Okey so in the previous post I deployed a Flask API with ECS/Fargate and load balanced it using an application load balancer. Now we are going to through an alternative approach that solves the problem of only exposing some endpoints in your Flask app to the internet, while having others for internal purposes. Now, there are many ways you could do this that are maybe smarter even then the way presented here. You could for example split up your Flask app in two or set up rules on the ALB listener.
But for the purpose of awesomeness and variation we will now implement an API Gateway and switch over to a network load balancer.
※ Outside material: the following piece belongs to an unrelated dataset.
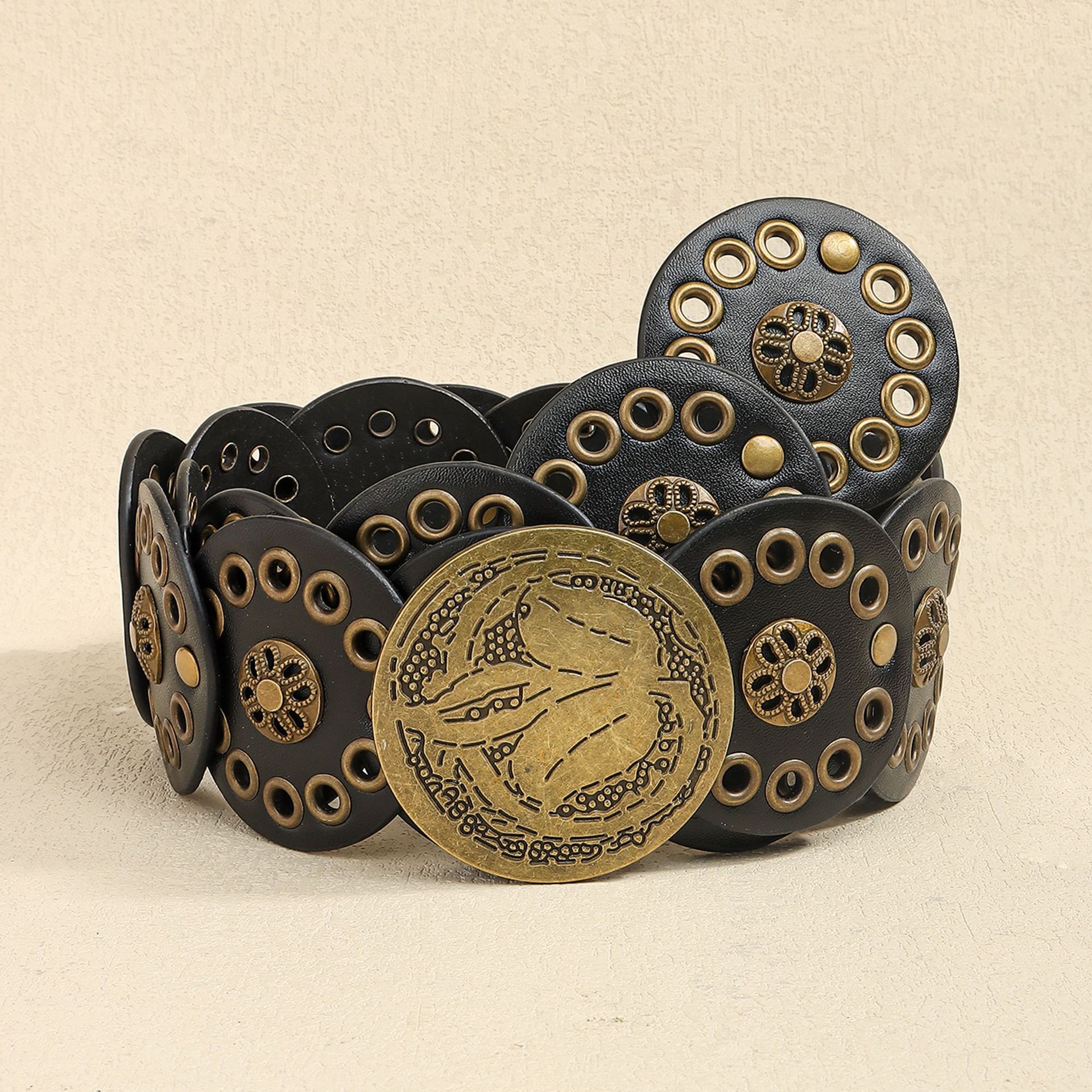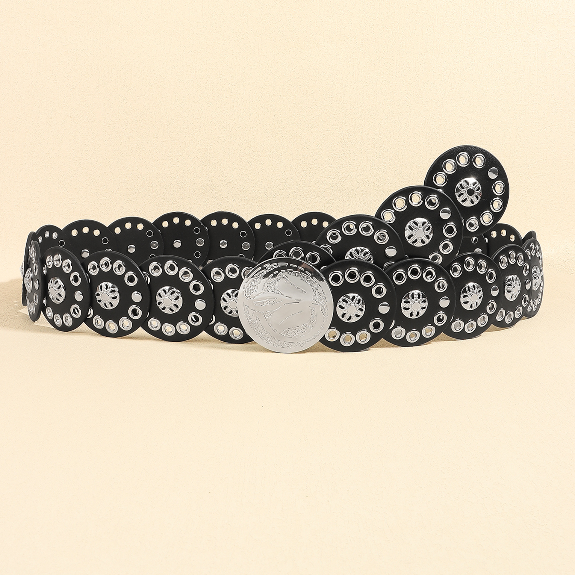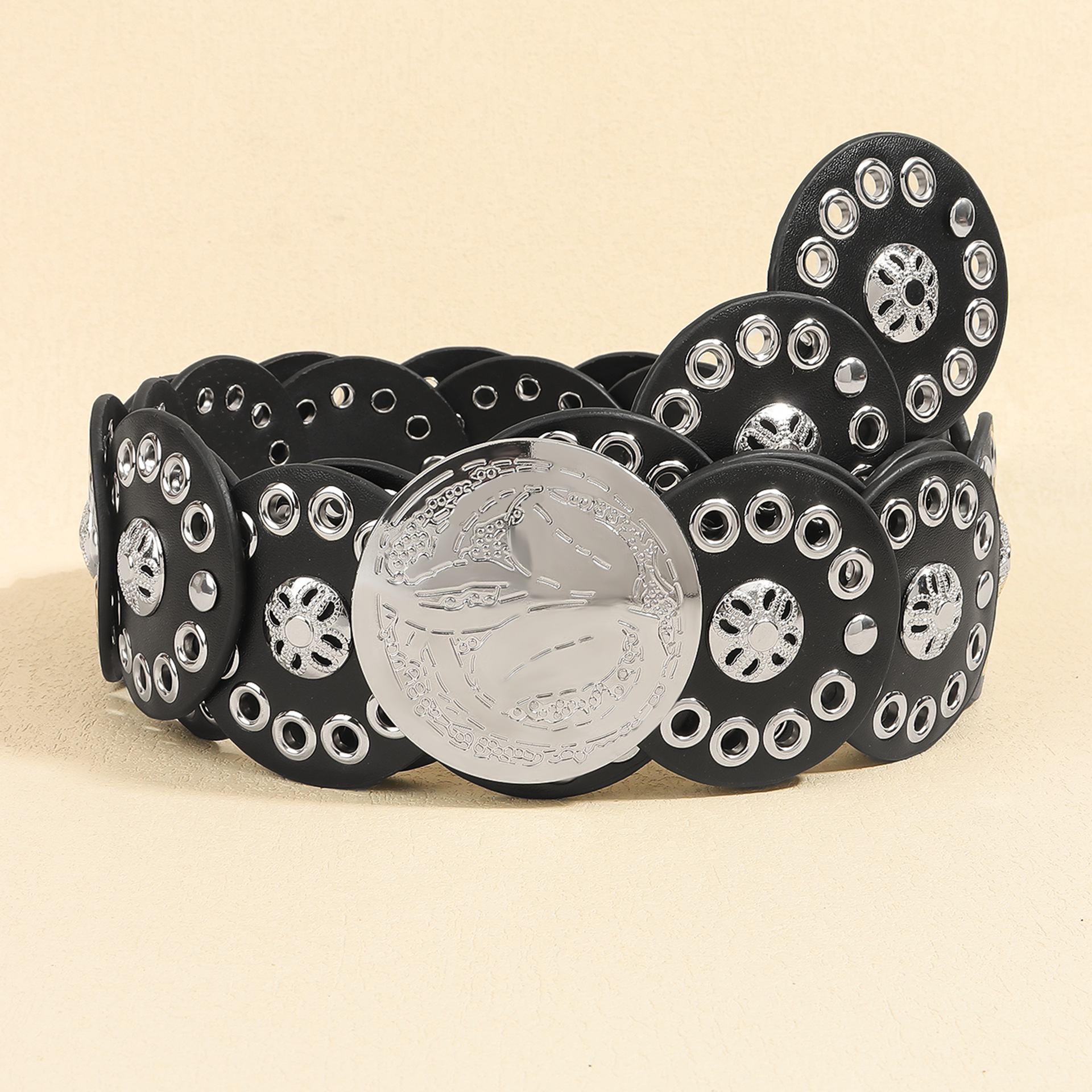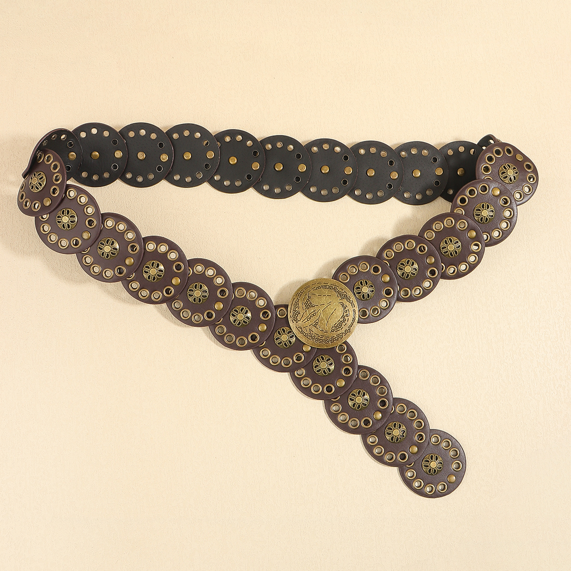 유럽과 미국의 국경 간 소형 라운드 레트로 벨트 리벳 에어 아이 펑크 서양식 벨트 여성 콜로 로케이션 데님 스커트스토어 가기
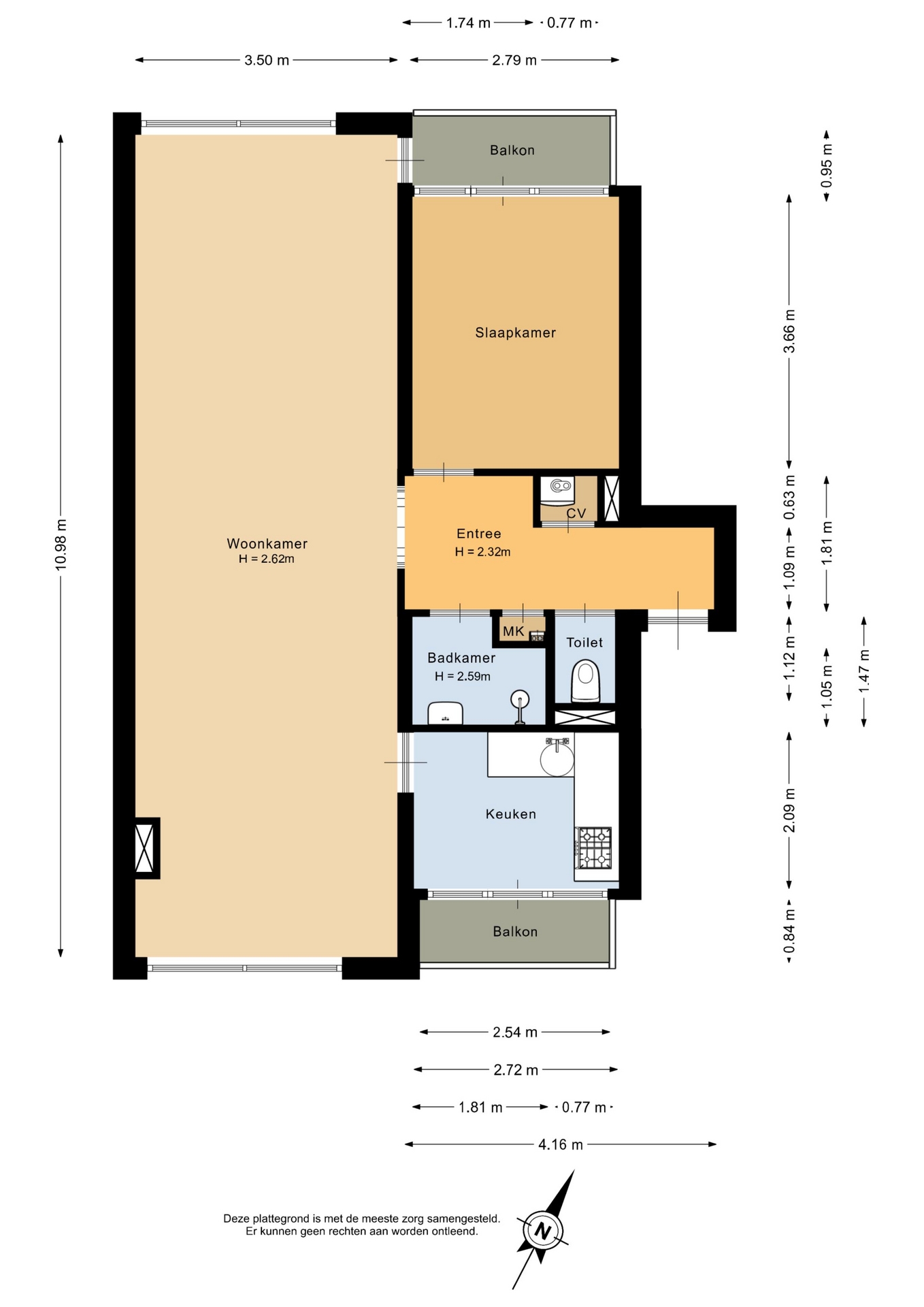 “Deze informatie is door ons met de nodige zorgvuldigheid samengesteld. Onzerzijds wordt echter geen enkele aansprakelijkheid aanvaard voor enige onvolledigheid, onjuistheid of anderszins, dan wel de gevolgen daarvan. Alle opgegeven maten en oppervlakten zijn indicatief.”

So the setup scenario for this post is: We’ve got a Flask app that exposes some endpoints. What these endpoints do is still irrelevant, we are just concerned with exposing these services, and now we also want to pick and choose what endpoints that are accessible from the world wide web (WWW). We also have other AWS services in the same VPC that needs access to these private endpoints. So now, let’s just assume we already have VPC up and running and in this we have databases, lambdas, etc. Smiley face

Let’s get “coding”!

This time I will go a little bit more modal and pythonic in the file structure. I will use multiple files passing the template object around between functions. I know. Heavy stuff.
Ok let’s start with the “main” file that will be called:

from troposphere import Template, Tags
from troposphere.ecs import Cluster
from troposphere.ec2 import SecurityGroup, SecurityGroupRule
from troposphere.s3 import Bucket
import boto3

from repository import get_repository
from network import create_subnets
from routing import create_routing
from load_balancer import create_load_balancer
from api_gateway import create_api_gateway
from ecs_task import create_task
from service import create_service


def define_stack():

    t = Template()

    repository_name = "my_flask_repo"
    repository_uri, image_latest = get_repository(repository_name)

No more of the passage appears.